(Records from a collection)

+ + + + + + +

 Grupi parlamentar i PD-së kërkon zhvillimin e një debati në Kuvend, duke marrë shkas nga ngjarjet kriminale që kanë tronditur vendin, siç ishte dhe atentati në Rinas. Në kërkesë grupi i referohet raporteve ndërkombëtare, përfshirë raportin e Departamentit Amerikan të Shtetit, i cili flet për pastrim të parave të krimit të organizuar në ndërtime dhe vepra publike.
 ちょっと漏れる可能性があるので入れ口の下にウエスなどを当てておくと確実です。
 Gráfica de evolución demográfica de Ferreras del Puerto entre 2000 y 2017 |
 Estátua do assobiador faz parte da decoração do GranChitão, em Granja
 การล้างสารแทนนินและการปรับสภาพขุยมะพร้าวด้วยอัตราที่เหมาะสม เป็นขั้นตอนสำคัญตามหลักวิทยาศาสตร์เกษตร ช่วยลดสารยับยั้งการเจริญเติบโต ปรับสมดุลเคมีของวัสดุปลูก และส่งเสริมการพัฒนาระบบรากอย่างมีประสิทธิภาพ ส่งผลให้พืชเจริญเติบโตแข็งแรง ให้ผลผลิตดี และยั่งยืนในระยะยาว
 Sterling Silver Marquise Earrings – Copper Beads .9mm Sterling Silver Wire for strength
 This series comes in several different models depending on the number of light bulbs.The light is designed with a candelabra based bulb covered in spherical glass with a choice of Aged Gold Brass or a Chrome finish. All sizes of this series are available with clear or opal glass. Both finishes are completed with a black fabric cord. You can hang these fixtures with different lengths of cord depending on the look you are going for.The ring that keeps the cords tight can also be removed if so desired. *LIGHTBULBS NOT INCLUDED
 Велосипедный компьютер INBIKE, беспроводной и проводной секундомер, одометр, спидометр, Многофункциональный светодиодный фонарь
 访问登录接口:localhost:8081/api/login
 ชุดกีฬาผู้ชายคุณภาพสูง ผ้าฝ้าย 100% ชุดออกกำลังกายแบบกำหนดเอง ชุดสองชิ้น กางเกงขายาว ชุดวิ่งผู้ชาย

+ + + + + + +

■ **Work to complete**:
Repeat exactly, and only, the lines from the one containing "访问登录接口:localhost:8081/api/login" through the last line above.

■ **Solution**:
 访问登录接口:localhost:8081/api/login
 ชุดกีฬาผู้ชายคุณภาพสูง ผ้าฝ้าย 100% ชุดออกกำลังกายแบบกำหนดเอง ชุดสองชิ้น กางเกงขายาว ชุดวิ่งผู้ชาย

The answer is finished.